Слезы Пегги внезапно высохли.

– То есть я смогу выйти из больницы?

– Да, милая, если у папы все получится.

Молли с сомнением посмотрела на отца.

– Но, Джордж, это не решает наших проблем.

– Может, и нет. – Он встал и расправил плечи. – Но ясно одно – либо мы все улетаем, либо все остаемся. Лермеры будут держаться вместе. Отныне и навсегда.

Ошибались мы не только насчет наших возможностей как поселенцев. Как выяснилось, на Ганимеде уже были скауты, хотя известие об этом до Земли пока не добралось. После высадки отряды с «Мэйфлауэра» не проводили сборов – все были попросту слишком заняты. Скаутом быть, конечно, весело, но порой на это просто нет времени.

Не проводил сборов и местный отряд Леды. Раньше они собирались в здании городского совета, но теперь оно стало нашей столовой, и они остались без помещения, что вряд ли прибавило с их стороны дружеских чувств к нам.

На того парня я наткнулся на Бирже – он просто проходил мимо, и я заметил на его груди маленькую нашивку – явно самодельную и не слишком качественную, но она все же привлекла мое внимание.

– Хей! – крикнул я.

Он остановился:

– И тебе «хей»! Это ты мне кричал?

– Ну… да. Ты ведь скаут?

– Само собой.

– Я тоже. Меня зовут Билл Лермер, – я протянул ему левую руку, как принято у скаутов.

Он ответил тем же:

– Сергей Росков, – и окинул меня взглядом. – Ты из новеньких?

– Да, прилетел на «Мэйфлауэре».

– Понятно. Без обид – я тоже родился на Земле. Значит, был там скаутом? Отлично. Приходи на сбор, и мы снова тебя запишем в наши ряды.

– Я и сейчас скаут, – возразил я.

– Ага, понял – «бывших скаутов не бывает». Ладно, приходи, и сделаем все официально.

Мне самое время было заткнуться, но такая уж моя черта, – наверное, даже когда вострубил бы ангел Страшного суда, я все равно говорил бы, а не слушал.

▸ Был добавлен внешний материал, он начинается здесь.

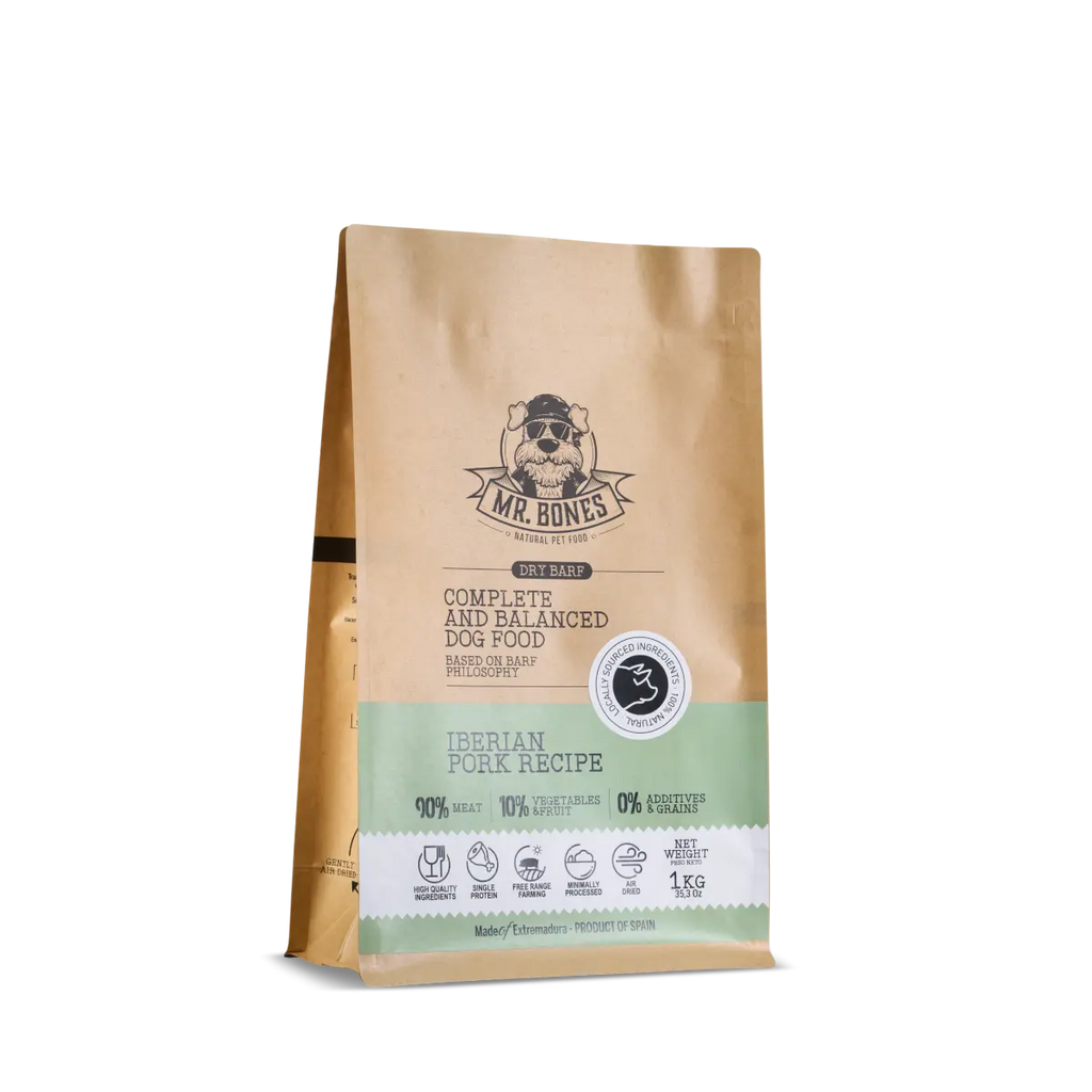 La Comida Deshidratada de cerdo ibérico de MR.BONES es una opción equilibrada, natural y saludable para quienes quieren dar a su perro o gato una nutrición de calidad superior sin complicaciones.

– Все и так официально, – сказал я. – Я старший командир патруля, отряд имени Баден-Пауэлла.

– Не далековато ли ты оказался от своего отряда?

И я все ему рассказал. Он выслушал меня до конца, а затем спокойно ответил:

– И вам еще хватило наглости назваться бойскаутами Ганимеда? Больше ничего не хотите себе присвоить? Наш зал собраний вы уже заполучили, может, теперь и в наших постелях спать пожелаете?

– Ты о чем?

– Ни о чем. – Он немного подумал. – Всего лишь дружеское предупреждение, Билл…

– Гм?

– Здесь есть только один старший командир патруля – и он прямо перед тобой. Так что не перепутай. Но на сбор все равно приходи, – добавил он. – Мы всегда рады новому салаге.

Вернувшись на приемный пункт, я нашел Хэнка Джонса и все ему рассказал. Он восхищенно уставился на меня.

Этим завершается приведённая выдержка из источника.